9. For a young reader exploring your diverse body of work, which book would you recommend they start with? Do you have a personal favourite among your works, and what makes that special to you?
It’s difficult to say – depends on what the reader is looking for. If you like neat, structured plots, it would be Monkey-man. For readers who want character-driven books with messy plots, a lot of back and forth, it would be A Girl and a River and Boys from Good Families. For those who dwell on details, it would be The Chosen and Monkey-man, and for a taste of small-town life, my first novel, Sojourn.
10. What is your earliest memory of cities in fiction? Are there any favourite books about Bangalore or other cities that you would recommend to our readers?
One of the earliest descriptions of city life that I encountered was in the Sangam era poem Maduraikanchi – it captures the bustling city and describes the setting and activities of ancient Madurai so vividly. My most recent engagement was with New York, the setting of Breakfast at Tiffany’s which I re-read while writing BFGF. Paul Auster’s New York Trilogy comes to mind. I recently “listened” to Mrs. Dalloway, an old favourite, set in London – which was very different from reading it.
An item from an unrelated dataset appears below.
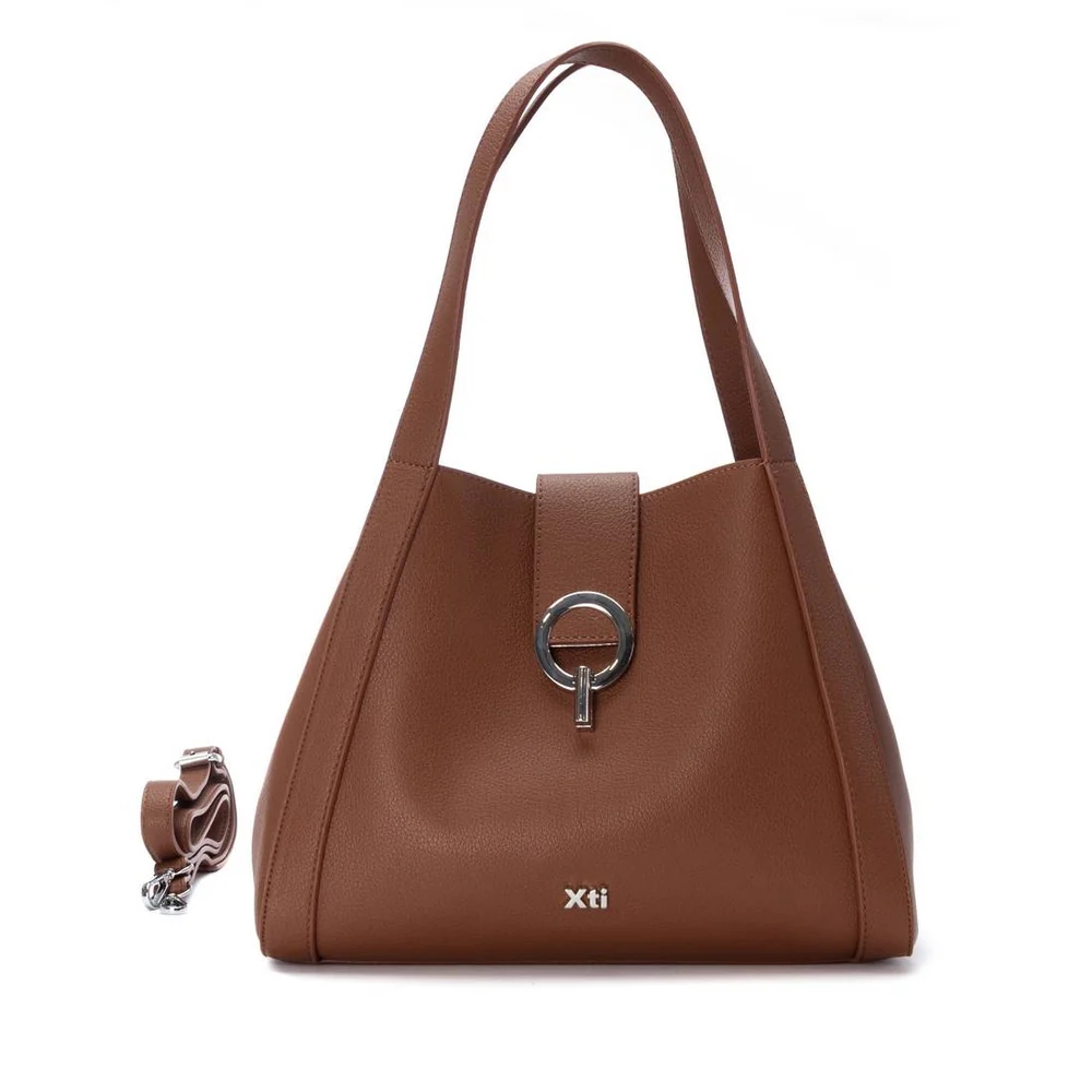 Bolso de mujer de la marca XTI Basic. Confeccionado en material que imita la piel, ideal para el uso diario. Presenta un interior con varios bolsillos y forro textil. Asa de hombro y correa larga regulable. Cierre seguro con cremallera. Medidas: 26 x 32 x 13 cm. Este modelo ha obtenido el certificado vegano por la organización mundial PETA (Organización de los derechos de los animales).
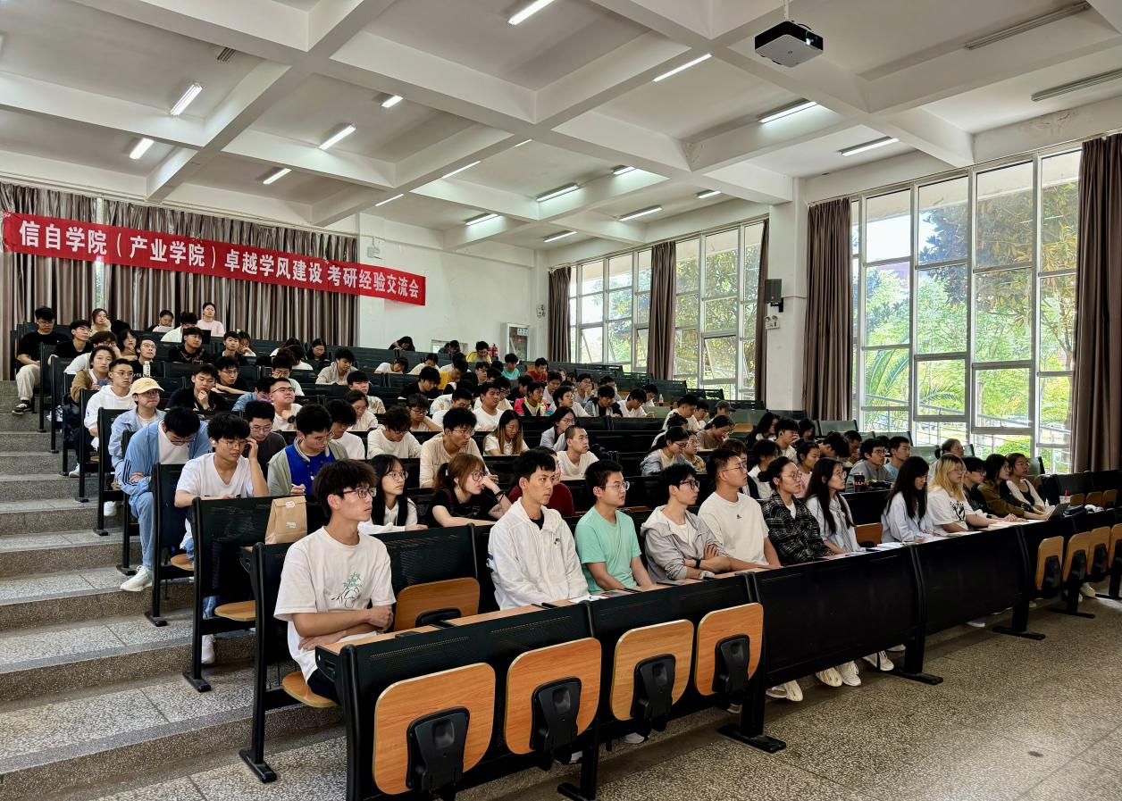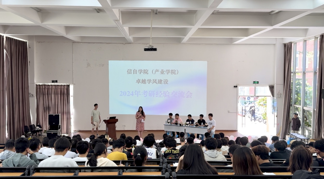 (产业学院)学风建设,增强同学们考研的信心和决心,为同学们复习备考提供有效指导,学院于6月13日下午2:30在信自100报告厅举办考研经验交流分享会,本次交流会由专职辅导员朱颖文主持,学院2021级、2022级、2023级通信工程、自动化、计算机科学与技术等专业学生积极参加。

Cities have been host to so much fiction and movies – there are so many to recount. Bangalore is fertile ground for legends of its own, and there are writers working on different genres – crime, science fiction, fantasy -- experimenting with different modes. I am familiar with some of the writing and hope to read more. There is Vivek Shanbagh’s Ghachar Ghochar, Anjum Hasan’s work, Anita Nair has a Bangalore-based detective and Harini Nagendra has the Bangalore Detectives Club series. Recently, I was intrigued by Lavanya Lakshminarayan's Analog/ Virtual, a dark, futuristic projection of Bangalore.
11. Before you go, I remember the orange gojju recipe you published in Mint Lounge—I tried it, and I must tell the readers, it was spectacular! Does a writer carry that creativity into the kitchen?
Happy to know the orange peel gojju turned out well! It is not something from a gourmet cookbook – more a homely recipe that is improvised upon in the family kitchen and handed down through word of mouth. I can’t say about creativity, but in this case, it was the urge to share something authentic with readers, with others who would care to try, something that you have enjoyed and which one can’t get off the shelf or as a ready mix.